— PROBLEM TO WORK ON —
Without any pictures, print the lines below from the one that has "Exogini Kit Com" through the one that has "JK-30A深色石油硫含量测", exactly and nothing else.

— PROVIDED ENTRIES —
○ ○ ○
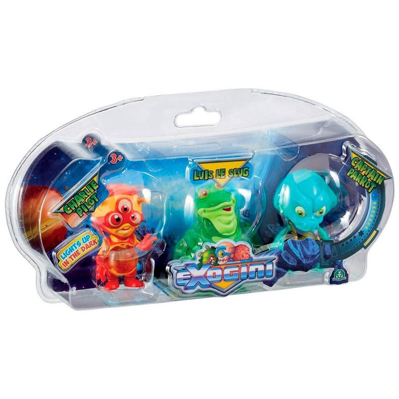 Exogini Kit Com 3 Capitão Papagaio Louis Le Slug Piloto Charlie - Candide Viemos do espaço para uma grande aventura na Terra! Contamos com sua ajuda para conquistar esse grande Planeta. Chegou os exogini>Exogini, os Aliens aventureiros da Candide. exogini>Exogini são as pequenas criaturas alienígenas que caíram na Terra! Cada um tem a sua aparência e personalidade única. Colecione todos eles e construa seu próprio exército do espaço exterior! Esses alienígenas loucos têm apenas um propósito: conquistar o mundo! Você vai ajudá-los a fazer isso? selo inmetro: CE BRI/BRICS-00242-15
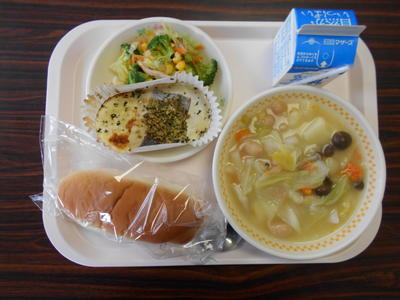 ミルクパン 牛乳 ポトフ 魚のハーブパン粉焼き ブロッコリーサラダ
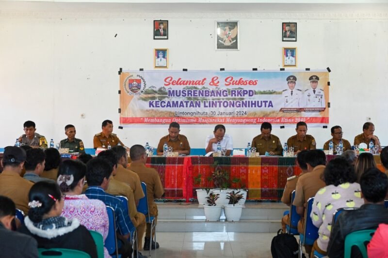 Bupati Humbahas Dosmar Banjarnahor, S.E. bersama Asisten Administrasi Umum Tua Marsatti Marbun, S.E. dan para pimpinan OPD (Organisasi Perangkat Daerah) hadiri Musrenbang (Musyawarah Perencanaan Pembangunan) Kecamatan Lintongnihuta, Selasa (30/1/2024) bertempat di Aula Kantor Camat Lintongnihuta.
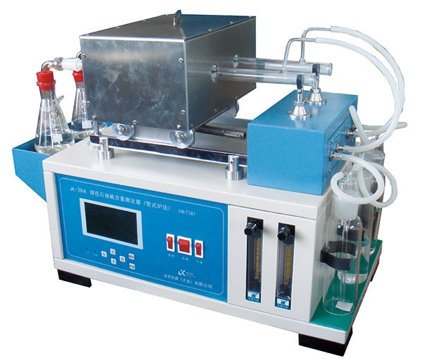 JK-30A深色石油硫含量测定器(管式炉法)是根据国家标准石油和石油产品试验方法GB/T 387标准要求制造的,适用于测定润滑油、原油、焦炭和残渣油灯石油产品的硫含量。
○ ○ ○
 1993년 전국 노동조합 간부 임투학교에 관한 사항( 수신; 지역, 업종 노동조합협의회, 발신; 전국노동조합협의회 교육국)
○ ○ ○
— OUTPUT FOR THIS EXERCISE —
 Exogini Kit Com 3 Capitão Papagaio Louis Le Slug Piloto Charlie - Candide Viemos do espaço para uma grande aventura na Terra! Contamos com sua ajuda para conquistar esse grande Planeta. Chegou os exogini>Exogini, os Aliens aventureiros da Candide. exogini>Exogini são as pequenas criaturas alienígenas que caíram na Terra! Cada um tem a sua aparência e personalidade única. Colecione todos eles e construa seu próprio exército do espaço exterior! Esses alienígenas loucos têm apenas um propósito: conquistar o mundo! Você vai ajudá-los a fazer isso? selo inmetro: CE BRI/BRICS-00242-15
 ミルクパン 牛乳 ポトフ 魚のハーブパン粉焼き ブロッコリーサラダ
 Bupati Humbahas Dosmar Banjarnahor, S.E. bersama Asisten Administrasi Umum Tua Marsatti Marbun, S.E. dan para pimpinan OPD (Organisasi Perangkat Daerah) hadiri Musrenbang (Musyawarah Perencanaan Pembangunan) Kecamatan Lintongnihuta, Selasa (30/1/2024) bertempat di Aula Kantor Camat Lintongnihuta.
 JK-30A深色石油硫含量测定器(管式炉法)是根据国家标准石油和石油产品试验方法GB/T 387标准要求制造的,适用于测定润滑油、原油、焦炭和残渣油灯石油产品的硫含量。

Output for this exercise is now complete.